El cierre guardado no se recalcula
Un cierre sirve como respaldo solo si dice lo mismo dentro de seis meses. Si la pantalla del 12 de marzo se recalcula cada vez que se abre, no es un cierre: es un reporte, y no prueba nada sobre lo que se supo esa noche.
Por eso el cierre se congela con los totales, el efectivo contado y la diferencia de ese momento. Si después aparece un error, se reabre, se corrige y queda registrado que se reabrió. La corrección es parte de la historia, no un reemplazo de la historia.
Preguntas frecuentes
¿Cierro la caja aunque haya ventas sin cobrar? +
Sí, pero resolvelas primero si podés. Una venta sin cobrar no impide cerrar: simplemente no suma al efectivo del día. Lo que no conviene es cerrar con pendientes que en realidad ya se cobraron y nadie registró.
¿Qué hago con el fondo de caja? +
Se declara al abrir y queda fuera de lo cobrado. Es plata tuya que está ahí para dar vuelto, no ingreso del día.

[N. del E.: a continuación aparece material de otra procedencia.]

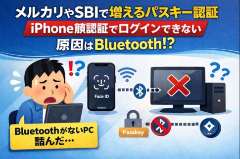 最近、メルカリやSBI証券などで「パスキー認証」を求められる場面が増えてきました。 一方で、実際には 「スマホなら進むのに、デスクトップPCだと詰まる」 「iPhoneの顔認証でいけると思ったのに進まない」 という声も少...

Si lo sumás a los cobros, el cierre va a dar de más todos los días por el mismo monto.
¿Las ventas con tarjeta entran al arqueo? +
Al total cobrado sí, al conteo de efectivo no. El efectivo se cuenta contra el efectivo; la tarjeta se concilia contra la liquidación de la terminal, que además llega con comisión descontada y unos días más tarde.

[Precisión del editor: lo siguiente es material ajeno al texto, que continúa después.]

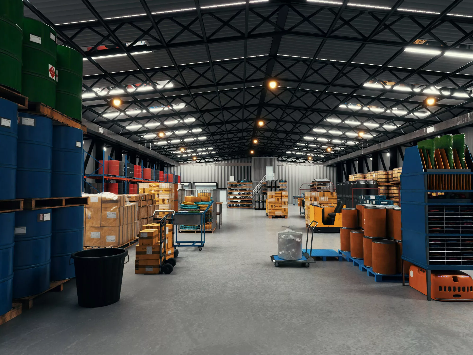 Professional high-quality 3D complete scene of an Industrial Warehouse and Logistics Distribution Center meticulously crafted for large-scale manufacturing visualization smart logistics planning and supply chain simulation projects. This massive environment features a comprehensive storage layout including heavy-duty steel truss roofing industrial chemical drums stacked palletized cargo logistics sorting robots manual handling carts and professional high-bay lighting systems with realistic PBR materials.

¿Y si cobro hoy una venta de la semana pasada? +
Ese cobro pertenece a la caja de hoy, porque hoy entró la plata. La venta sigue perteneciendo a la semana pasada. Es exactamente la distinción de esta guía, y es la razón por la que las dos fechas se guardan por separado.
¿Cuánta diferencia es aceptable? +
Menos de lo que creés. En un negocio con volumen de kiosco, diferencias por debajo del 0,1% de lo cobrado en efectivo son ruido normal de vuelto. Lo que importa no es el umbral sino la tendencia: cinco días seguidos para abajo es un problema aunque cada día sea chico.